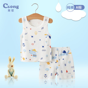 婴儿纯棉背心短裤套装夏季薄款女宝宝无袖两件套幼儿男...
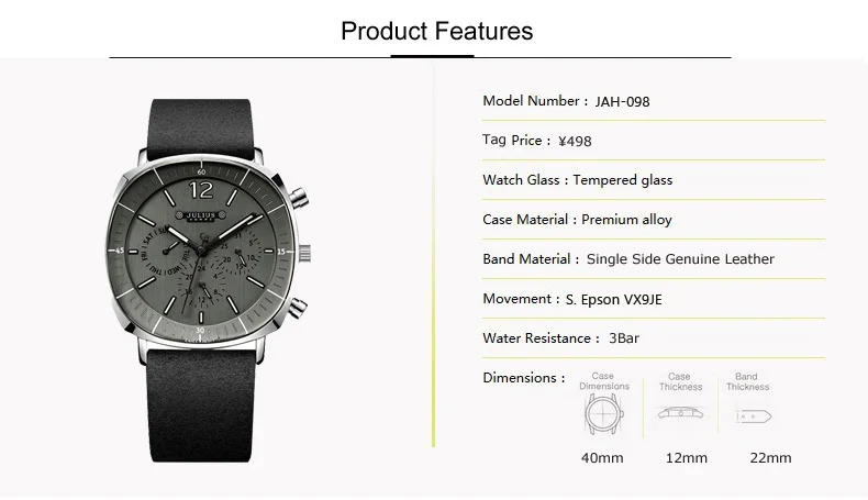 وظائف حقيقية يابانية Mov't ساعة رجالية ساعات الموضة سوار من الجلد الحقيقي هدية عيد ميلاد الصبي جوليوس صندوق
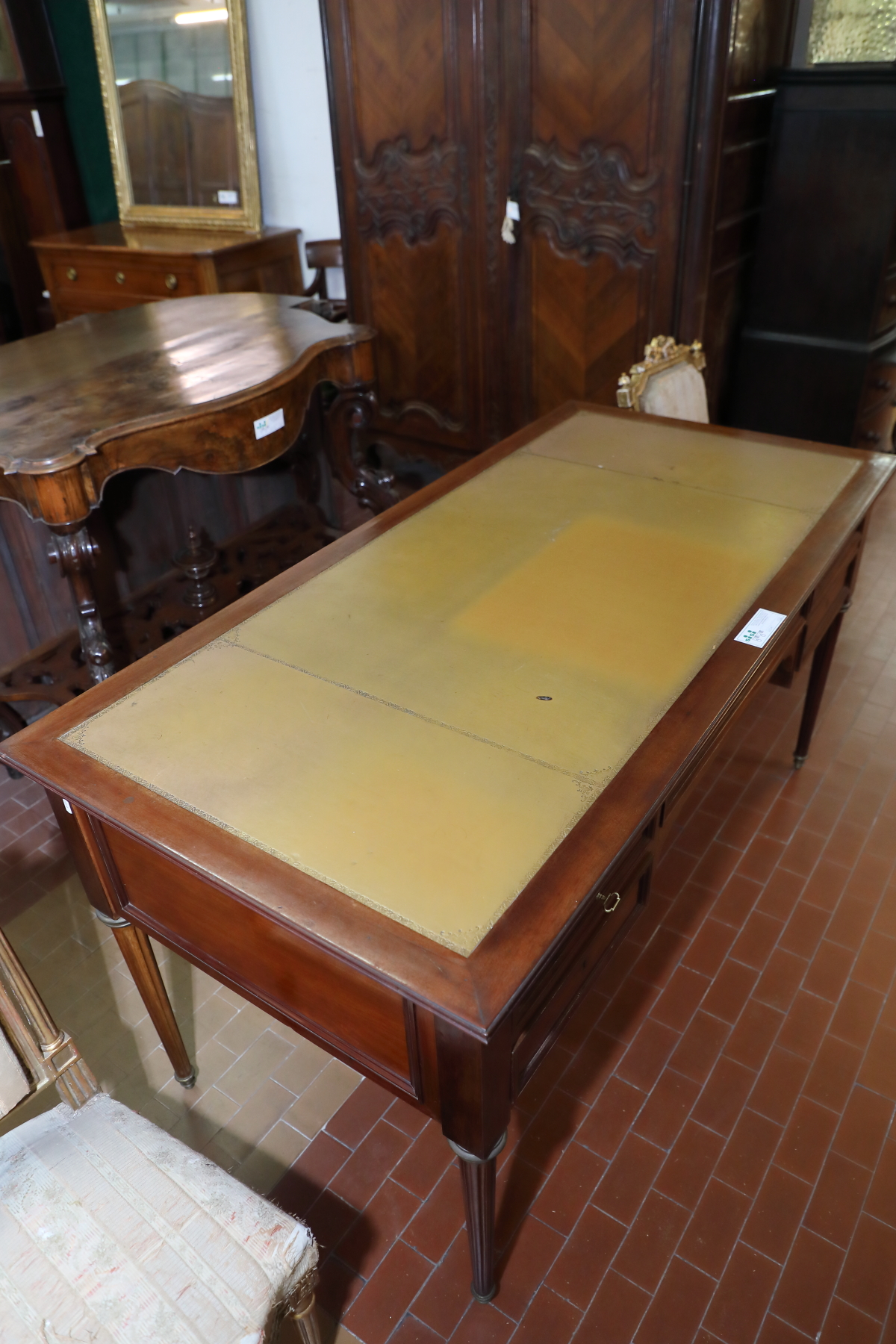 Scrivania da centro a 5 cassetti in mogano ,con piano rivestito in pelle,gambe tornite e scanalate .Misure : 160X83XH.79

What is needed> Without including any picture, output all the material exactly as it appears.

Answer to the exercise>
 婴儿纯棉背心短裤套装夏季薄款女宝宝无袖两件套幼儿男...
 وظائف حقيقية يابانية Mov't ساعة رجالية ساعات الموضة سوار من الجلد الحقيقي هدية عيد ميلاد الصبي جوليوس صندوق
 Scrivania da centro a 5 cassetti in mogano ,con piano rivestito in pelle,gambe tornite e scanalate .Misure : 160X83XH.79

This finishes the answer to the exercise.